Records from a data collection

================================

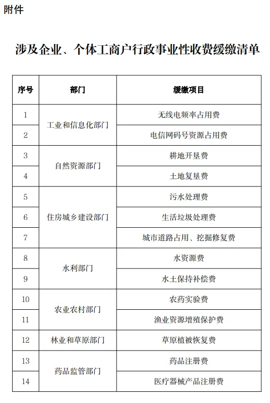 二、《涉及企业、个体工商户行政事业性收费缓缴清单》包括耕地开垦费、污水处理费等14项收费(具体项目见附件)。
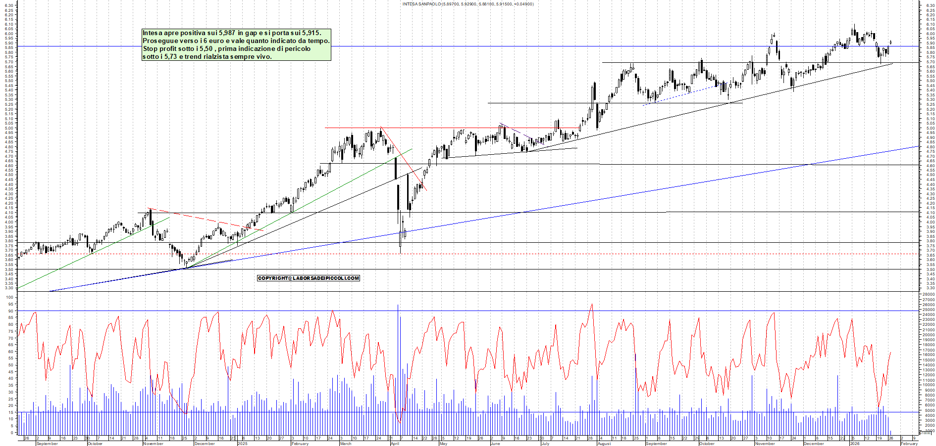 INTESA: Intesa apre positiva sui 5,987 in gap e si porta sui 5,915. Proseguue verso i 6 euro e vale quanto indicato da tempo. Stop profit sotto i 5,50 , prima indicazione di pericolo sotto i 5,73 e trend rialzista sempre vivo.
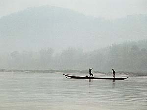 ルアンパバーンの町を出発してしばらくすると、メコン川沿いにも人家の気配はほとんどなくなります。川面には漁をする船が時々現れ、たまにカワセミなどが飛んでいたりして、気分は最高ですな。
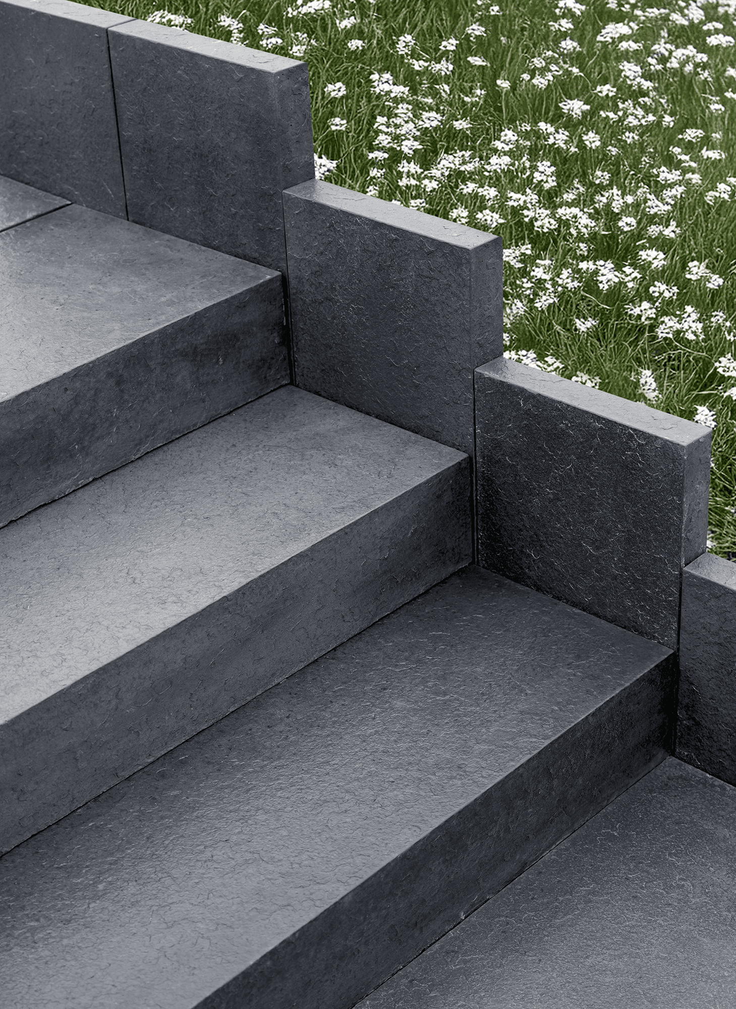 Thanks to their larger dimensions, they can handle more demanding terrain modifications and create a stable yet visually gentle transition between height differences. The textured surface adds dynamism to the space and naturally changes in the light, evoking the impression of real stone. Add style and stability to your garden with Ardezia palisades.
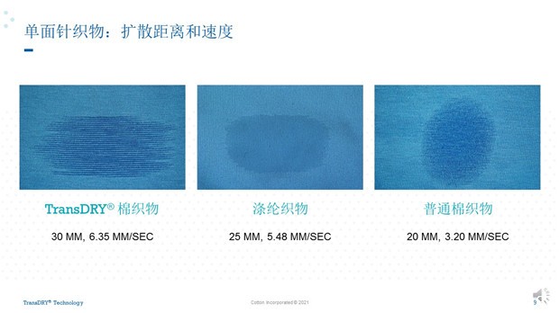 庄德华首先分享了三种在棉质面料上实现湿气管理性能的整理技术。其中,TransDRYTM技术通过将特殊拒水加工后的棉纱与普通纱线交织排列,起到了吸湿、排汗和快干的作用。“该项技术的关键在于纱线处理,可通过不同排纱方式,实现汗液/湿气从横向、纵向到由内到外的单向导湿功能,不同的织物结构会有不同的性能表现。”
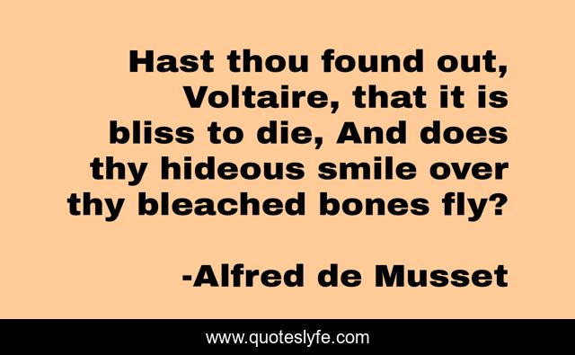 This page presents the quote "Hast thou found out, Voltaire, that it is bliss to die, And does thy hideous smile over thy bleached bones fly?". Author of this quote is Alfred de Musset. This quote is about bliss, death, voltaire,.
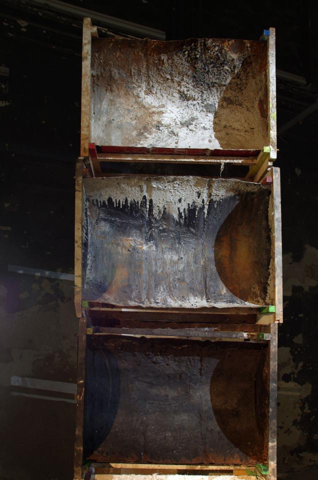 Réalisées en résidence dans les ateliers de la ville durant le mois précédant l’exposition, Matrice et Épreuves, respectivement dalle de béton et de peinture et vastes toiles estampées au cours de la fabrication de celle-ci, intègrent l’espace de la chapelle, en prolongent les murs noircis, en réorganisent les perspectives. Autour de ce geste central, des corps étranges dansent, entre outils et rebus du chantier. Des objets manufacturés, glanés au fil des reconnaissances puis pétrifiés dans un enduit ferrugineux oxydé à l’eau de mer donnent lieu à des formes tortueuses, indéfinies.

================================

Copy all the data exactly as written, but skip any picture.

EXERCISE SOLUTION:
 二、《涉及企业、个体工商户行政事业性收费缓缴清单》包括耕地开垦费、污水处理费等14项收费(具体项目见附件)。
 INTESA: Intesa apre positiva sui 5,987 in gap e si porta sui 5,915. Proseguue verso i 6 euro e vale quanto indicato da tempo. Stop profit sotto i 5,50 , prima indicazione di pericolo sotto i 5,73 e trend rialzista sempre vivo.
 ルアンパバーンの町を出発してしばらくすると、メコン川沿いにも人家の気配はほとんどなくなります。川面には漁をする船が時々現れ、たまにカワセミなどが飛んでいたりして、気分は最高ですな。
 Thanks to their larger dimensions, they can handle more demanding terrain modifications and create a stable yet visually gentle transition between height differences. The textured surface adds dynamism to the space and naturally changes in the light, evoking the impression of real stone. Add style and stability to your garden with Ardezia palisades.
 庄德华首先分享了三种在棉质面料上实现湿气管理性能的整理技术。其中,TransDRYTM技术通过将特殊拒水加工后的棉纱与普通纱线交织排列,起到了吸湿、排汗和快干的作用。“该项技术的关键在于纱线处理,可通过不同排纱方式,实现汗液/湿气从横向、纵向到由内到外的单向导湿功能,不同的织物结构会有不同的性能表现。”
 This page presents the quote "Hast thou found out, Voltaire, that it is bliss to die, And does thy hideous smile over thy bleached bones fly?". Author of this quote is Alfred de Musset. This quote is about bliss, death, voltaire,.
 Réalisées en résidence dans les ateliers de la ville durant le mois précédant l’exposition, Matrice et Épreuves, respectivement dalle de béton et de peinture et vastes toiles estampées au cours de la fabrication de celle-ci, intègrent l’espace de la chapelle, en prolongent les murs noircis, en réorganisent les perspectives. Autour de ce geste central, des corps étranges dansent, entre outils et rebus du chantier. Des objets manufacturés, glanés au fil des reconnaissances puis pétrifiés dans un enduit ferrugineux oxydé à l’eau de mer donnent lieu à des formes tortueuses, indéfinies.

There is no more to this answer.